3. Paediatric Nervous System
The nervous system is immature in young children, with a more marked parasympathetic tone. In young children, there is a greater risk of significant bradycardia due to vagal stimulation.
- Paediatric Nervous System Caution:
- Manoeuvres such as defecation, bladder distension, application of throat packs, tracheal intubation and pressure on eyeballs can increase vagal stimulation.
- Children undergoing manipulation of the airway like endotracheal intubation need premedication with parasympathetic blockers (atropine substitutes) to eliminate the risk of bradycardia due to vagal stimulation.
- Blood pressure increases with age. The systolic blood pressure is 60–75 (mm Hg) in a newborn. It reaches 100 at the age of 3 years and 120 by 15 years. To counteract this hypotensive response with a decrease in heart rate, the child should be well hydrated prior to an anaesthetic procedure.
- General anaesthetic procedures should be rescheduled in case of recurrent vomiting, diarrhoea, poor oral intake or any other sign of dehydration in the child.
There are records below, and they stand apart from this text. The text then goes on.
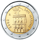 San Marino![]() | 2 eura | ![]() | Vládní palác San Marino | 1 | |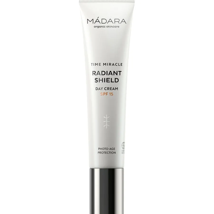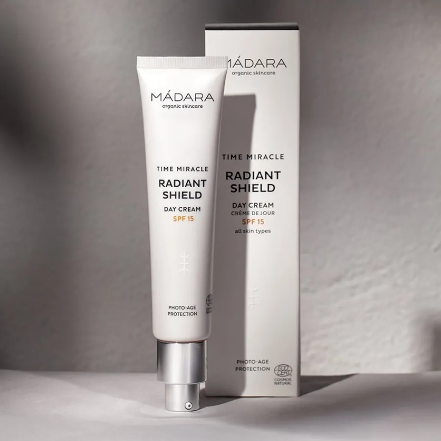 Die leichte Formulierung der Hautpflege von MÁDARA schenkt der Haut einen schönen Glow! Sie können die Radiant Shield Day Cream SPF15 bei allen Hauttypen und auch bei reiferer Haut verwenden. In der Pflege sind insgesamt 99 % der Zutaten aus natürlichem und 41 % aus biologischem Ursprung.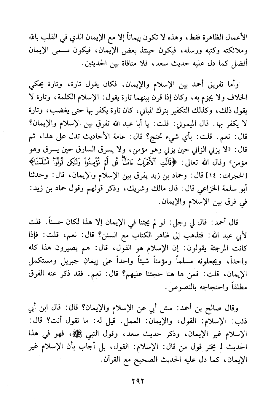 وقال صالح بن أحمد: سئل أبي عن الإسلام والإيمان، قال: قال ابن أبي ذئب: الإسلام: القول، والإيمان: العمل. قيل له: ما تقول أنت؟ قال: الإسلام غير الإيمان، وذكر حديث سعد، وقول النبي صلى الله عليه وسلم. فهو في هذا الحديث لم يختر قول من قال: الإسلام: القول، بل أجاب بأن الإسلام غير الإيمان، كما دل عليه الحديث الصحيح مع القرآن.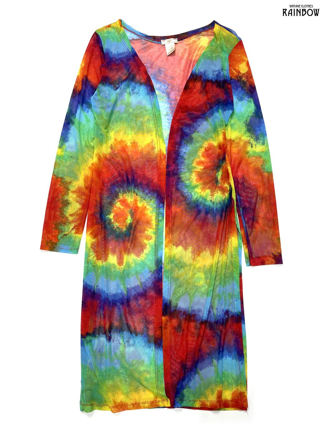 #アウター #羽織り #ロングスリーブ #オレンジ #カラフル #総柄 #タイダイ柄 #前開き #スリット #エスニック #柄羽織り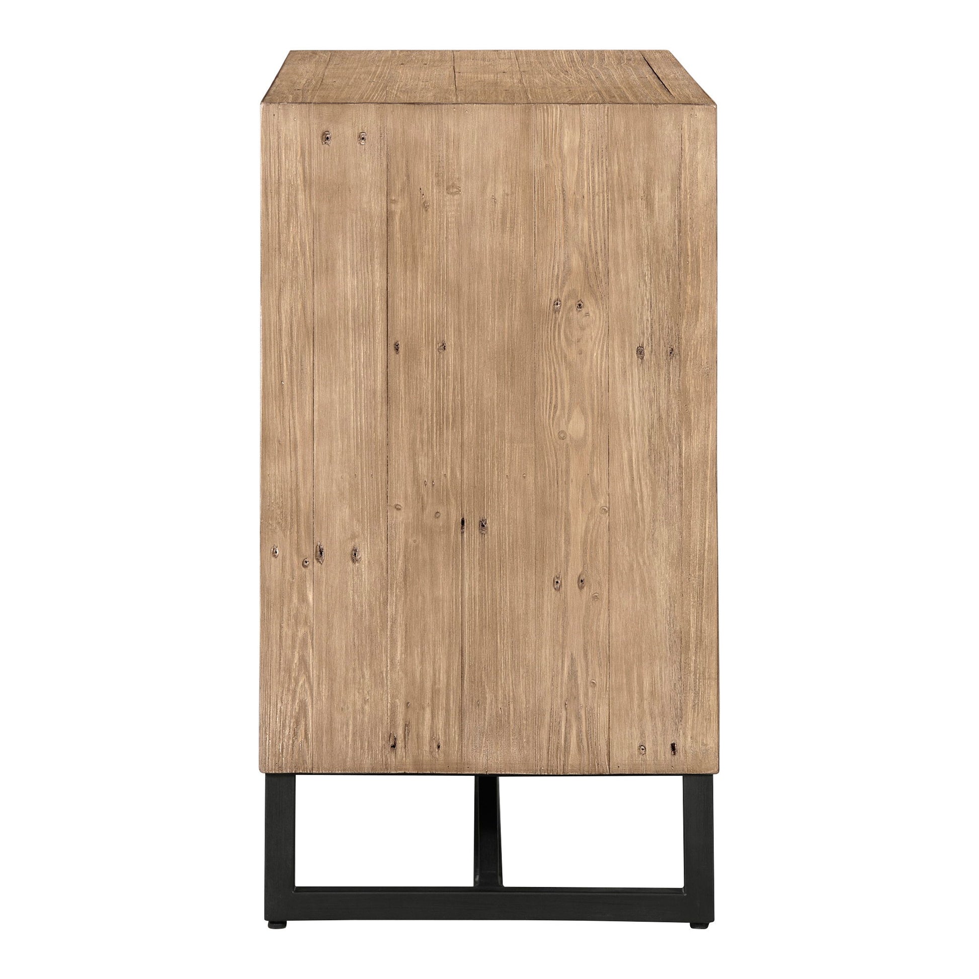 Made with solid reclaimed pine, the Sierra 2 door cabinet exhibits natural woodgrain and knot variances. Its single adjustable pine wood shelf provides ample space while a solid metal base & finished back give this 2 door cabinet its transitional design.

4. Paediatric Gastrointestinal System
The gastrointestinal system of children is different from that of adults in the following ways
- The gastric mucosa in children is immature and secretes lower levels of acid. The acidity reaches the adult level by the age of 3 years. The adult level of acidity maintains the pH of the stomach of around 2. In children less than 3 years, the pH is higher than 2 owing to decreased acid secretion.
- Significance: Decreased acidity favours the absorption of weakly acidic drugs such as penicillins and cephalosporins. It delays the absorption of weakly basic drugs such as benzodiazepines.
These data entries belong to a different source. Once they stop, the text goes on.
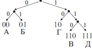 В этом случае полученный код: А — 00, Б — 01, В — 110, Г — 10, Д — 111 — будет префиксным и однозначно декодируемым.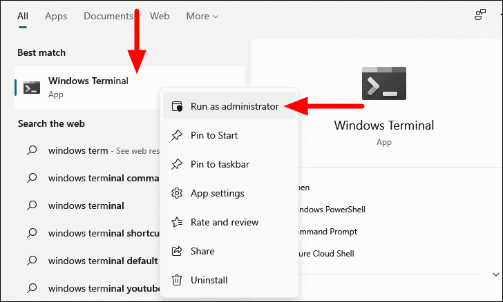 To flush the DNS, enter ‘Windows Terminal’ in the Search Bar, right-click on the relevant search result, and select ‘Run as administrator’ from the context menu.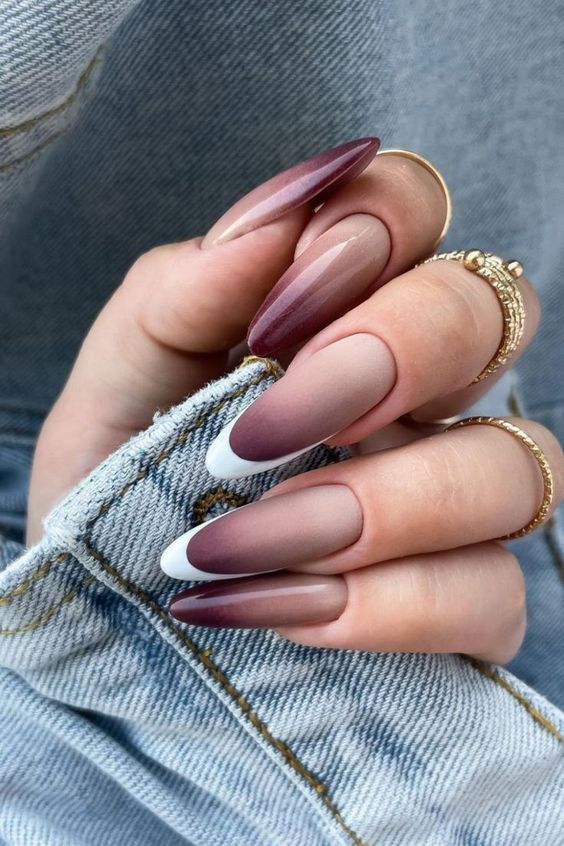 This design celebrates the power of contrast with its bold oval shape and the stark white tips that stand out against the color of the natural nail. It’s a modern take on the classic French tip, offering a simple yet trendy statement. This style is a testament to the 2024 theme of bold minimalism, perfect for the woman who adores a contemporary twist on a timeless look.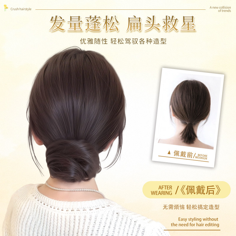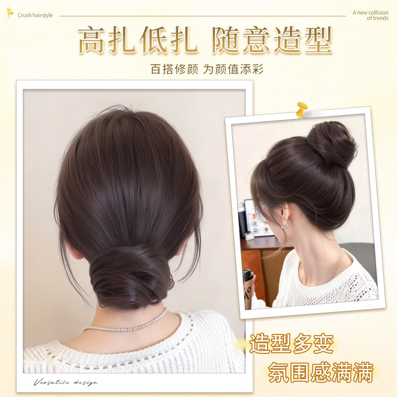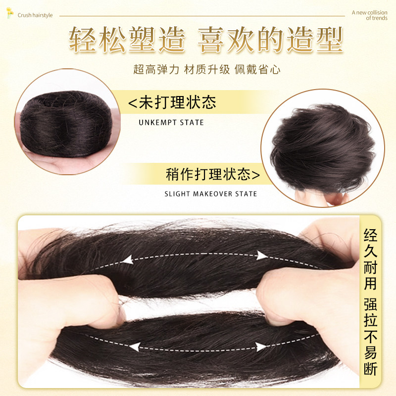 低扎丸子头假发鸡毛头抓夹盘发发包慵懒感造型头饰自然蓬松后脑勺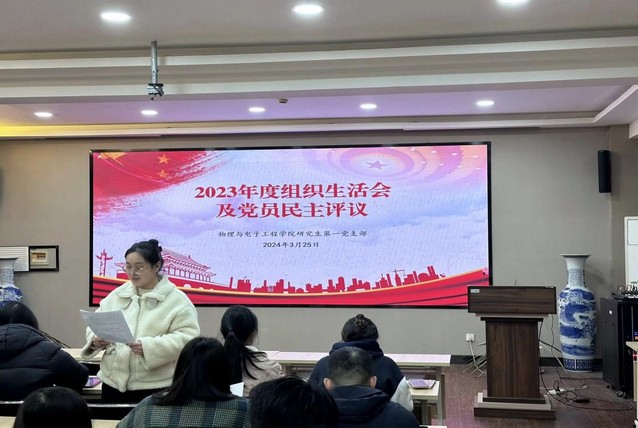 3月25日,物电学院研究生第一党支部在学院327会议室召开2023年度组织生活会并开展党员民主评议。支部全体党员参加会议,会议由支部书记周浩主持。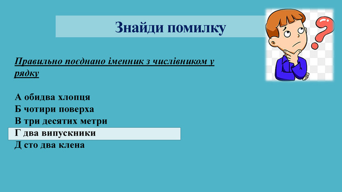 - Перевірте рід та число іменника, з яким поєднується числівник.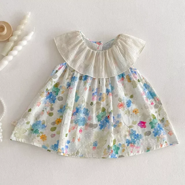 This beautifully tailored dress features an A-line silhouette that offers a comfortable fit while allowing room for movement and play. The sleeveless design is perfect for sunny days, while the ruffled collar adds a delicate and fashionable touch. Made with breathable cotton and durable polyester, the fabric keeps her cool and comfy without sacrificing style. The floral ink wash design gives this piece a unique artistic vibe, setting it apart from ordinary kids’ dresses.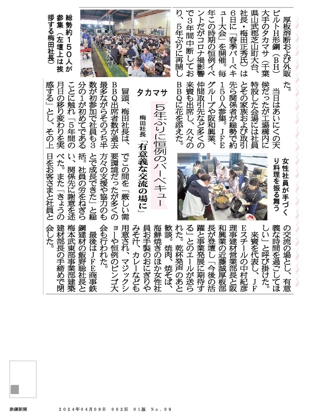 2024年04月09日付 鉄鋼新聞に掲載 5年ぶりに恒例のバーベキュー
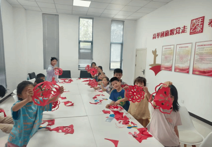 图2 志愿者带领孩子们体验传统剪纸技艺

- The peristaltic movement is irregular in infants. Gastric emptying is also delayed.
- Significance: This altered mobility of the gut delays the gastric absorption of the drugs.
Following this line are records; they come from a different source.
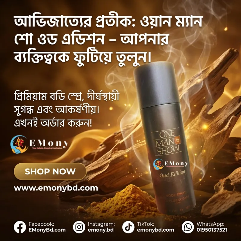 আভিজাত্য এবং রাজকীয় সুগন্ধের খোঁজে থাকা পুরুষদের জন্য ওয়ান ম্যান শো আউদ এডিশন (One Man Show Oud Edition) একটি আদর্শ পছন্দ। ফ্রান্সের বিখ্যাত ব্র্যান্ড জ্যাকেস বোগার্টের এই বডি স্প্রেটি আউদ (Oud) বা আগরকাঠের কড়া ও রাজকীয় ঘ্রাণ সমৃদ্ধ। এতে আউদের পাশাপাশি স্পাইসি এবং উডি নোটের এক অসাধারণ সমন্বয় রয়েছে, যা আপনাকে দেয় এক দীর্ঘস্থায়ী এবং শক্তিশালী পুরুষালী ব্যক্তিত্ব। ২০০ মি.লি.-এর এই 'হাইলি পারফিউমড' বডি স্প্রেটি সাধারণ ব্যবহারের পাশাপাশি যেকোনো জমকালো অনুষ্ঠানে ব্যবহারের জন্য চমৎকার। যারা একটু কড়া এবং ক্ল্যাসিক সুগন্ধ পছন্দ করেন, তাদের কালেকশনে এই আউদ এডিশনটি থাকা আবশ্যক।
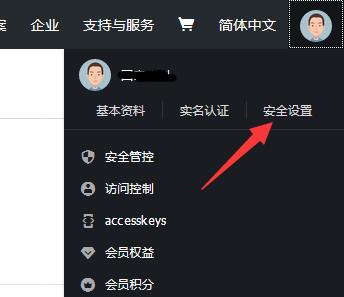 通過我們維啟購買阿里云服務器后可以找我們申請免費配置環境,第1步先找到會員ID復制發給我們客服,具體流程發我一下,登錄阿里云后右上角,查看小圖標會出來安全設置,如圖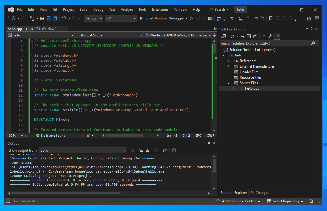 From the menu, click Debug, "Start Debugging".After a few seconds, a box appears with a message saying saying "Hello, Windows desktop!", as shown below.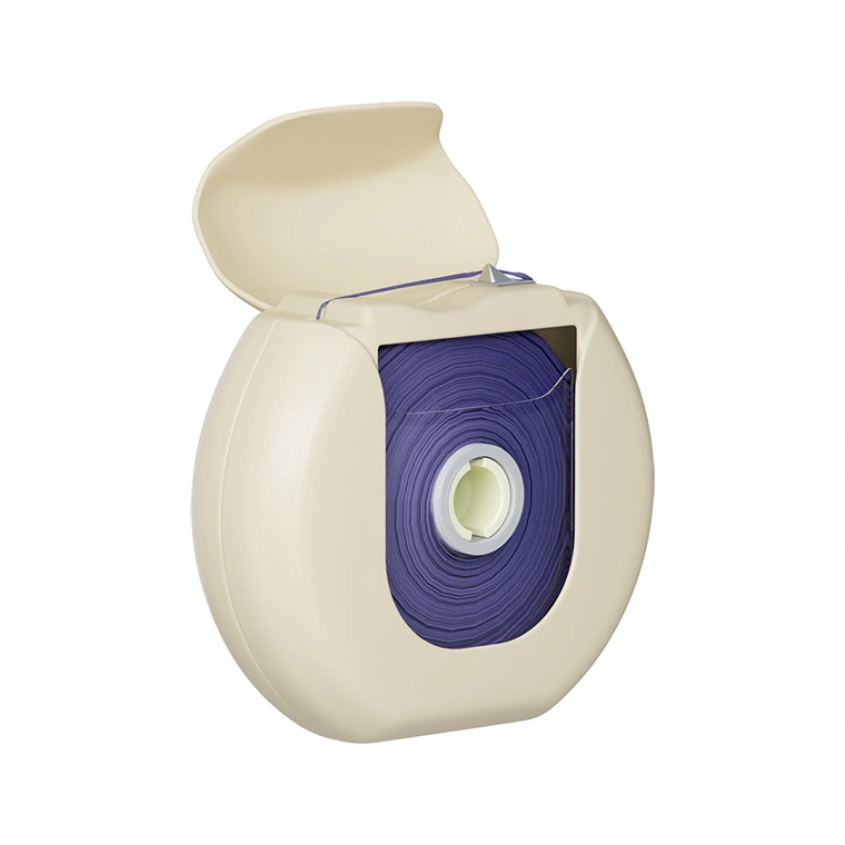 Фиолетовая нить с восковым покрытием мягко и тщательно очищает межзубные промежутки.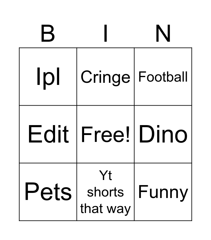 This bingo card has a free space and 10 words: Yt shorts that way, Football, Ipl, Funny, Edit, Pets, Cringe, Wong, Dino and Show.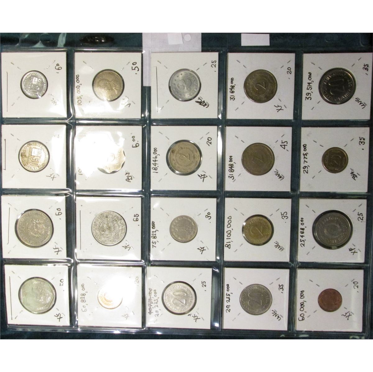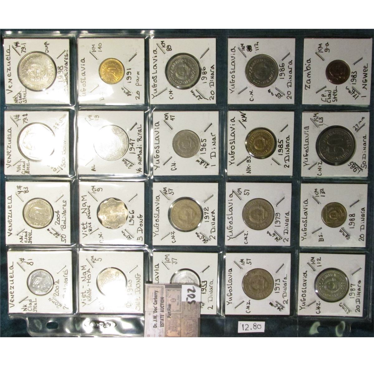 (20) World Coins in a Plastic Page, identified in 2" x 2"s. Includes Venezuela, Viet Nam, Yemen, Yugoslavia, & Zambia. KM Value $12.80.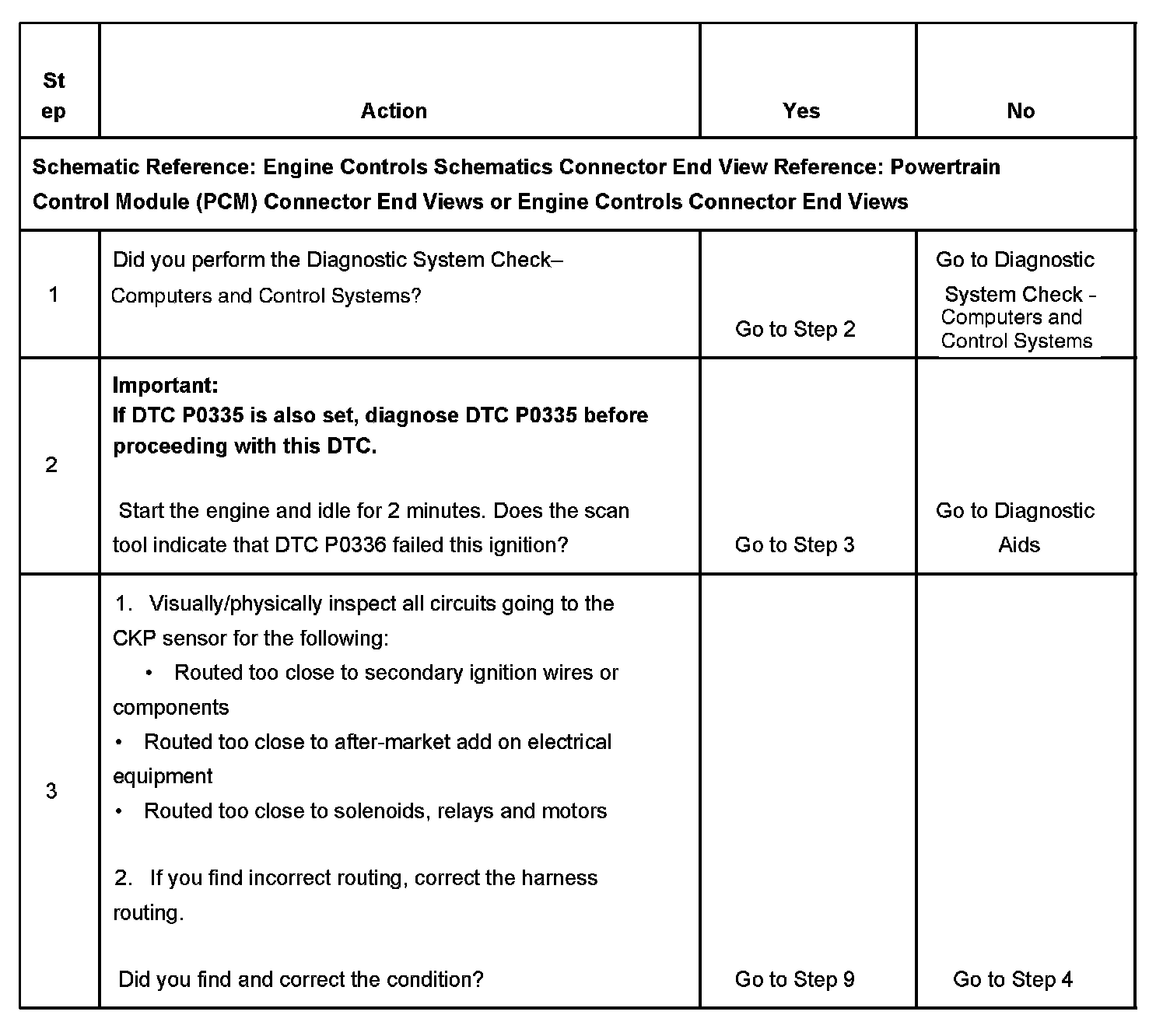 If the PCM detects that the CKP sensor signal is incorrect for more than 120 seconds, DTC P0336 sets.

- Hepatic enzymes such as cytochrome P-450, glucuronyl transferase and pseudo-cholinesterase are relatively deficient in infants and young children. Thus, children are at a higher risk of drug toxicity.
- Caution: Drugs such as diazepam, phenobarbitone and phenytoin have a prolonged clinical effect due to lower levels of cytochrome P-450 enzyme. Drugs such as acetaminophen, morphine and steroids are conjugated by glucuronyl transferase enzyme into an excretable form. This enzyme is deficient in neonates. So, the aforementioned drugs have to be used with caution. The pseudo-cholinesterase enzyme, which detoxifies\succinyl choline, is deficient in infants. So, succinylcholine has to be administered with caution.
5. Paediatric Renal System
The differences between the adult and paediatric renal systems are the main reason for the modifications in drug dosages in infants. The differences between the infant and adult renal systems are as follows:
- The glomerular filtration rate (GFR) attains the adult level by 1 year. It is only one fit of the adult level in the newborn.
- Caution: Drugs such as penicillin and barbiturates that depend on GFR for excretion have to be prescribed with caution.
- The rate of tubular secretion and transport is low in infants and toddlers.
- Caution: Drugs such as morphine and atropine are excreted through tubular secretion and transport. These drugs have a slower rate of excretion owing to the lower rate of tubular secretion/transport in children less than 3 years. This can lead to the risk of accumulation of the drug and associated toxicity. Hence, these drugs have a narrower margin of safety and are to be prescribed with caution.
6. Paediatric Integumentary System (Blood And Body Fluids)
The differences between the adult and children integumentary systems are as follows:
- Eighty per cent of the infant’s weight is the total body water when compared with 50%–60% in adults. This is due to the increased proportion of extracellular fluid (40%) in infants when compared with that of adults (20%).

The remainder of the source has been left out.